### WHAT THE TASK REQUIRES
Your answer must be a word-for-word copy of the listing below, minus its pictures.

### DATA EXTRACT
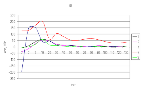 На рис. 3.6 представлены результаты измерения остаточных напряжений на зубчатом колесе из стали 14ХГСН2МА после цементации и закалки на твердость 64 HRC. Представлены следующие варианты профилирования зубьев:
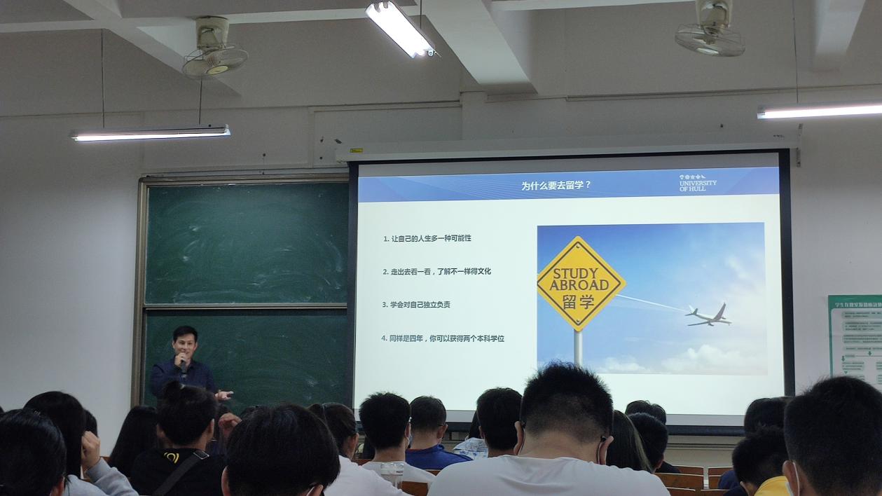 接下来,由Trady 为同学们介绍英国赫尔大学。Trady 从“为什么要留学?”这个问题作为宣讲会的切入点,并向大家介绍赫尔大学的地理位置、在赫尔这个城市生活以及在校生活。
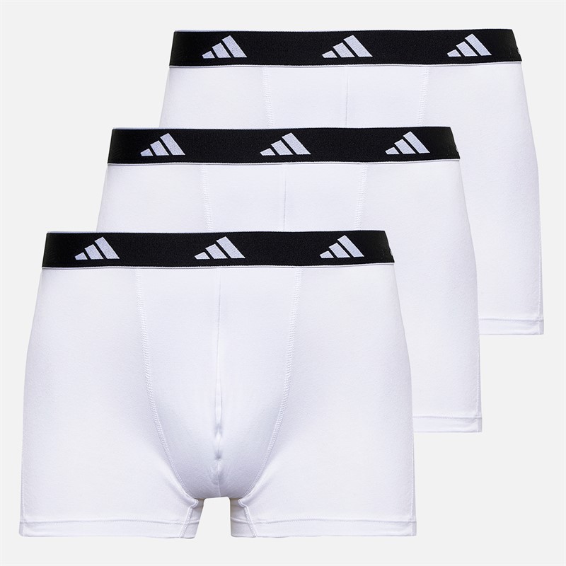- adidas three pack boxers. Built for comfort and functionality, the adidas Active Flex Cotton Trunk 3 Pack Underwear are a versatile addition to your wardrobe. The Real Cool Cotton™ fabric used offers quick-dry plus moisture-wicking benefits, helping you feel fresh. The true to size cut and elastic waist provides a secure fit, while the flexible 4-way stretch adapts to your movements. The contoured comfort pouch delivers reliable support while maintaining a natural feel. JL2950

### FINISHED TASK
 На рис. 3.6 представлены результаты измерения остаточных напряжений на зубчатом колесе из стали 14ХГСН2МА после цементации и закалки на твердость 64 HRC. Представлены следующие варианты профилирования зубьев:
 接下来,由Trady 为同学们介绍英国赫尔大学。Trady 从“为什么要留学?”这个问题作为宣讲会的切入点,并向大家介绍赫尔大学的地理位置、在赫尔这个城市生活以及在校生活。
- adidas three pack boxers. Built for comfort and functionality, the adidas Active Flex Cotton Trunk 3 Pack Underwear are a versatile addition to your wardrobe. The Real Cool Cotton™ fabric used offers quick-dry plus moisture-wicking benefits, helping you feel fresh. The true to size cut and elastic waist provides a secure fit, while the flexible 4-way stretch adapts to your movements. The contoured comfort pouch delivers reliable support while maintaining a natural feel. JL2950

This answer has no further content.